MHCD_GIETV2
Description
Creation of Handwritten Marathi Consonant Character Dataset by Data Collection, Annotation, Bounding Box, Threshold, Augmented and creating images of equal size for research purpose Marathi Handwritten Character (Consonant) dataset consists of Annotate data that consists of 80, 040 simple character examples of image data. The original scanned images from Handwritten Character were re-sized and normalized to fit in a 128x128 pixel box while preserving their aspect ratio.

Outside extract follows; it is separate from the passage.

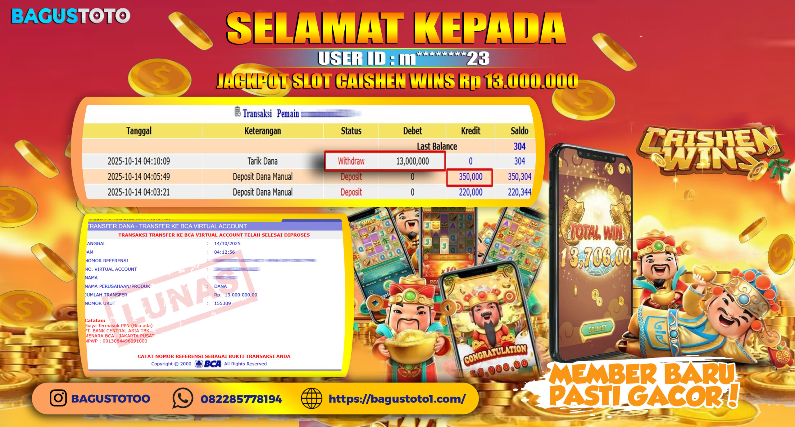 BUKTI JP SLOT CAISHEN WINS MODAL 350RB JADI 13JT!!!
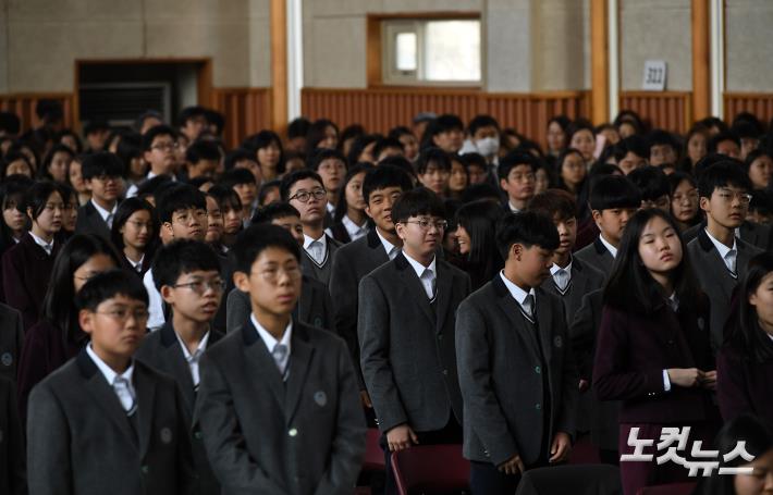 4일 오후 서울 강남구 대치동 대청중학교에서 신입생들이 입학식에 참석하고 있다.

Four folders are available: • Original Images consists of 20, 010 • Grayscale Images consists of 20, 010 • Binary Images consists of 20, 010 • Inverted Images consists of 20, 010
Files
Steps to reproduce
The data was collected from different ages group of people including student from Primary, High School and Colleges where the students were given a A4 size paper to write the Consonant Character in their own hand writing so that we can predict the handwritten characters of the people. Then the images where annotated and classes were defined using online tools of annotation. The classes and their respective images where then used to extract data using matlab to get annotate images into different folders. Pre-processing techniques were then implemented to resize and have exact pixel size of 128 by 128 pixel for further evaluation. At last, depending on the size of the data, more augmented images were created keeping in mind the aspect ratio for prediction and training our convolution neural network. Finally, we went ahead with binarization, Gray scaling and inverted images technique for future research work. This dataset will help the research scholars and data scientist who want to deep dive in Marathi Character Recognition.